Enter: the cage study. Last summer I nearly killed myself putting out 96 cages with 100 aphids a piece (which, for those keeping track at home, comes out to 9600 aphids that I meticulously counted out and placed on plants) to set up a little experiment wherein I could control the starting number of aphids across my landscape gradient and see what the resident predators at each farm were capable of doing to that population. I was o
riginally setting out just to test the most agricultural against the most natural sites, but accidentally (or serendipitously) also tested the effect of small-scale on-farm complexity as well. Some of both the agricultural and natural farms had hedgerows and high crop diversity, others were vast monocultures of broccoli. At the end of the experiment I found that complexity at the landscape scale (the more "natural" farms) did improve pest control, but so did complexity at the local scale (the farms with hedge-rows and more diverse cropping systems). In fact, while the hedgerows didn't make much of a difference at the natural farms, they improved pest control at the agricultural farms almost as much as having natural habitat did! This is great news for farmers, because although they don't really have much control over where they fall in the landscape and how much natural habitat is around their farms, they can certainly plant more hedgerows. The only thing I don't know, and the reason I need to repeat this study next year, is whether this effect is consistent over the whole growing season. I did this experiment at the very end of the summer, when aphid populations had already peaked at most farms and predator populations were therefore at their peak. That lagtime in the syrphid populations seen in the earlier graph could mean that predators don't show up at the agricultural sites to control aphids when they first get there. And aphids don't need very much of a head start to get completely out of control.

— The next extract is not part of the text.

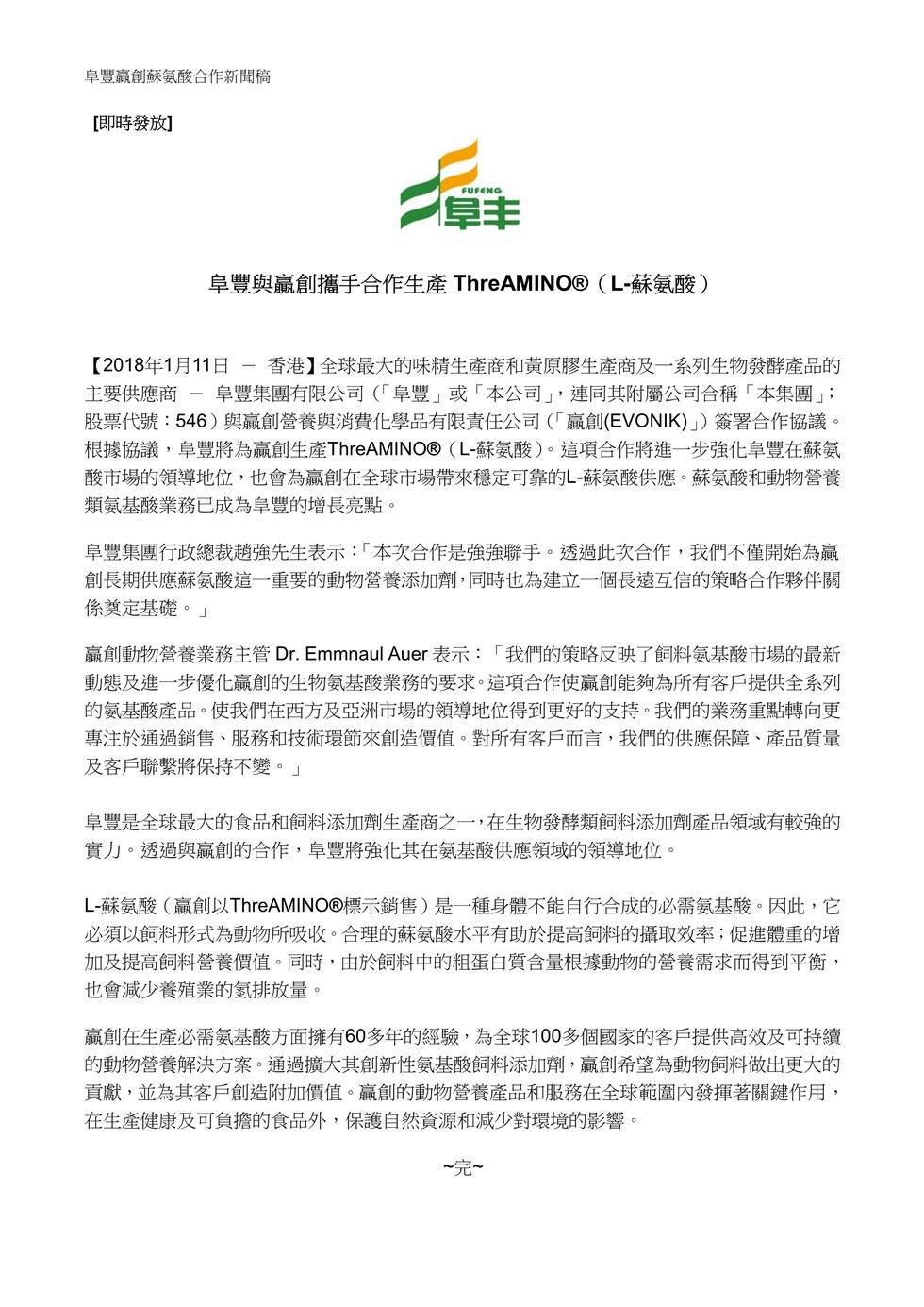 乐鱼网页版·网站页面-乐鱼(中国)与赢创携手合作生产ThreAMINO®(L-苏氨酸)

So that's it. Actually, there's a lot more (including a piece on how mustard may turn aphids into walking mustard-oil bombs), but we'll save that for another day. I am at a good stopping point and can now put this biology away for a few months while I tend to our own little biological miracle waiting to unfold.

2 comments:

Susan Chaplin said...

great summary -- enjoyable reading, an I love the fact that Danny got involved in the analysis too.

Unknown said...

Becky,
Thanks so much for the very readable (for us non-scientist) summary of a big part of your life these recent years. On the drive to Tillamook, yesterday--12/3/09, to attend a meeting of the state's Land Conservation and Development Commission I was trying to explain your graduate work to my car-poolers. The description would have been much better had I taken the time to open and read your blog before I left. I now feel equipped to do "justice" to your work next time.
As your Mom mentioned,--I,too, get real pleasure out of seeing the areas of overlap between your and Dan's minds, discussions and career choices.
Thanks for the blog. Glad you are feeling less pressure as you get ready for delivery.